Sexual coercion lies on the continuum of sexually aggressive behavior. This continuum includes many harmful and aggressive acts we hear frequently, such as rape, sexual abuse and sexual assault. We all know the definitions of the other behaviors on the sexual aggression continuum because the behaviors are very overt. Sexual coercion is different than the others on the continuum because of its subtitles. In fact, experts are still trying to figure out exactly how best to define sexual coercion because it encompasses so many behaviors and situations and includes a perceived unwillingness to get involved in sexual acts by the victim. The best definition of sexual coercion offered at this time is: “the act of using pressure, alcohol or drugs, or force to have sexual contact with someone against his or her will; … tactics of postrefusal sexual persistence [used are] defined as persistent attempts to have sexual contact with someone who has already refused” (Struckman-Johnson, Struckman-Johnson & Anderson, 2003, p. 76).I know what you’re wondering … what does this definition actually mean? Let’s break the definition down into its parts so you can get a strong understanding of what sexual coercion is.
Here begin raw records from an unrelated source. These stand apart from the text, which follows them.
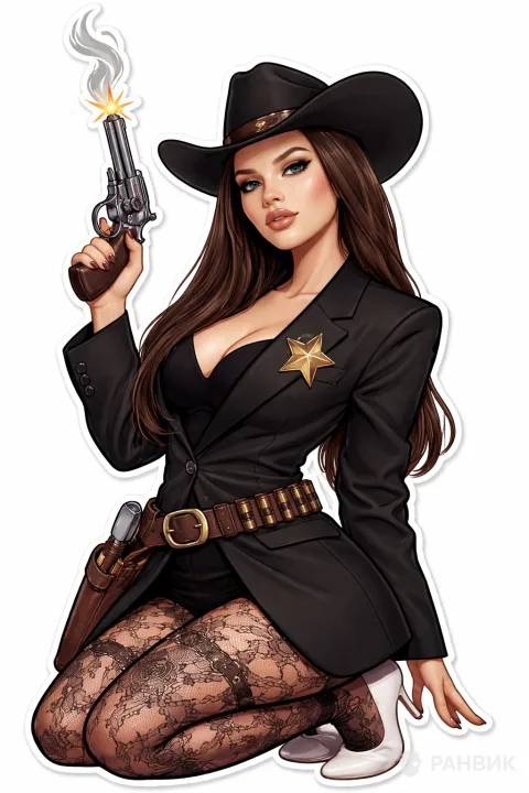 Стикер девушки в образе шерифа с револьвером создан как яркая иллюстрация для мессенджеров, витрин и упаковки. В основе промпт с акцентом на чистый белый фон и гладкий цифровой арт: изображение читается мгновенно, а высокая детализация и яркие контуры сохраняют выразительность даже в небольшом размере.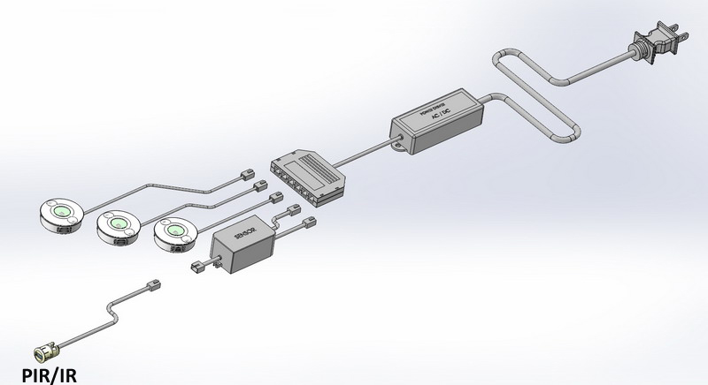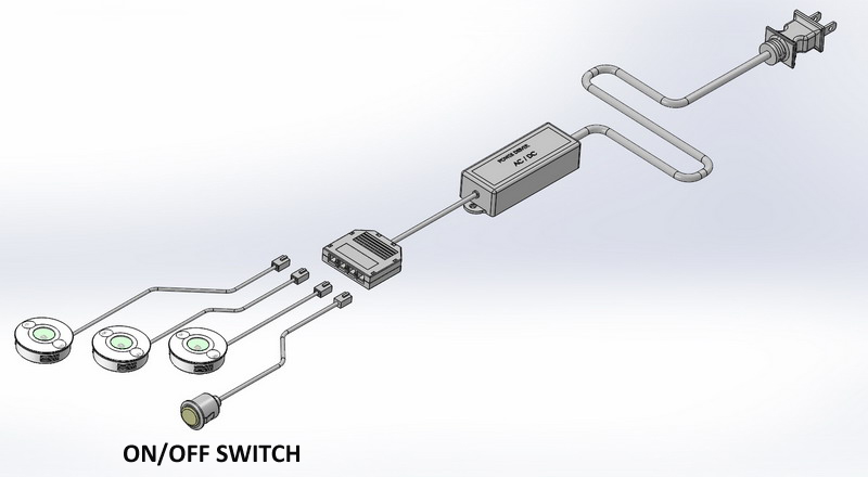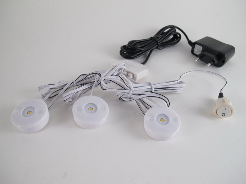 3 LED puck + switch + 4 way distribution block + led driver + AC power cord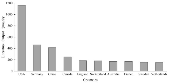 A statistical tool that comes with the WoS database was used to count the number of papers published by countries in the past 30 years, as shown in Figure 5. Figure 5 shows top 10 countries with the most publications on preferential flow from 1992 to 2021, among which the United States ranks first with 1163 published papers, accounting for 35% of the total, Germany and China rank second and third with 463 and 415 published papers, respectively, followed by the remaining countries, with about 200 published papers.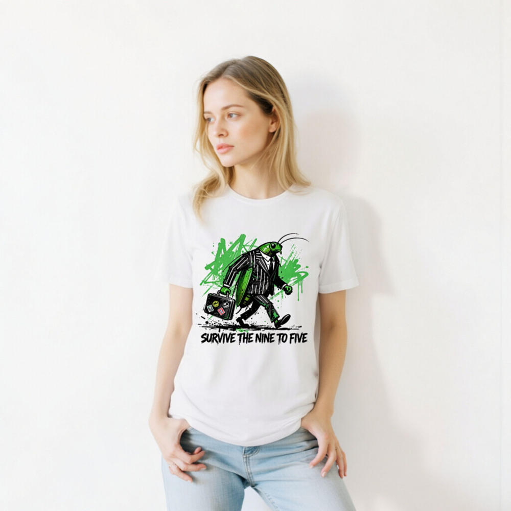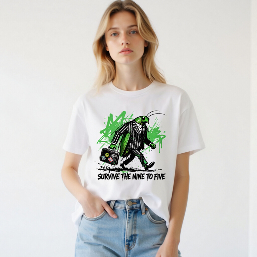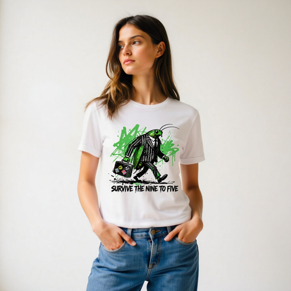 A bold unisex staple t-shirt featuring a vibrant green grasshopper in a black pinstripe suit, carrying a vintage-style briefcase adorned with travel stickers. The design captures the ‘survive the nine to five’ office worker struggle with humor and flair. High-quality cotton fabric, classic fit, perfect for casual wear or as a statement piece. Ideal for fans of quirky, pop-culture-inspired fashion.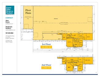 • The second floor includes three offices, one restroom, open work areas, conference room with accordion wall and a storage/archive area.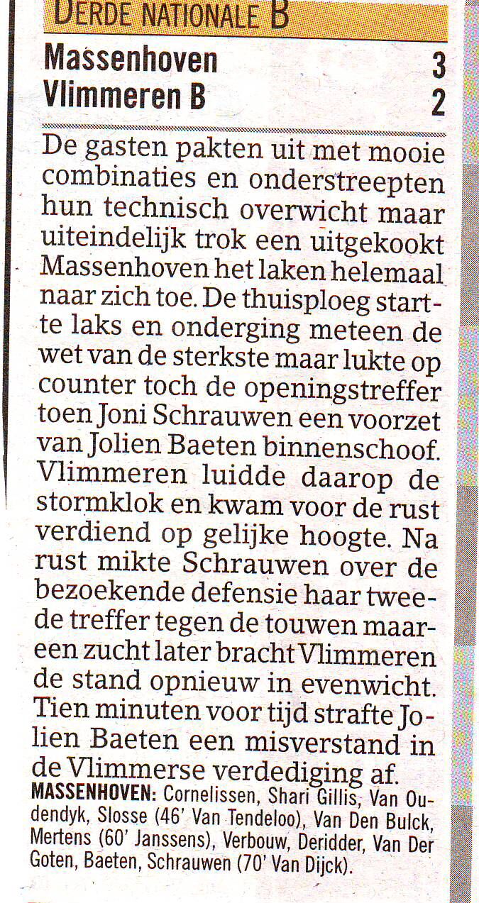 Het Nederlands vrouwenelftal heeft vanmiddag in het Franse Compiegne met 0-2 (0-0) gewonnen van Frankrijk, de nummer zeven van de FIFA World Ranking (Nederland staat momenteel op de twintigste plaats). Na 75 minuten opende Karin Stevens (Willem II) de score in deze oefeninterland. Chantal de Ridder (AZ) maakte in haar vijfde interland haar eerste doelpunt voor Oranje en zette daarmee in de 82e minuut de eindstand van 0-2 op het scorebord in het Stade Paul-Cosyns. Voor de vierde maal achtereen incasseerde het team van Vera Pauw geen tegengoal.

The act of using pressure … to have sexual contact:
Pressure in this case can mean physical pressure, verbal pressure or emotional pressure. Physical pressure
can include hitting, kicking and slapping the victim; holding the victim down; continuing with the sexual behavior after the victim has been told to stop; and even continuing to kiss the victim as he/she tries to pull away. Verbal pressure includes behaviors like threatening to use physical force against the victim, yelling at the victim, name calling, tricking, lying, blackmailing and badgering the victim. Emotional pressure is used much more frequently than physical and verbal pressure and is the most subtle of all the sexual coercion tactics. Using emotional pressure includes the perpetrator convincing the victim that he/she cares more for the victim than he/she actually does, threatening a break-up, wearing the victim down by using the same tactic over and over again, making the victim feel obligated to participate in sexual acts, guilting the victim participating, utilizing peer pressure and even the perpetrator using his/her position of authority over the victim.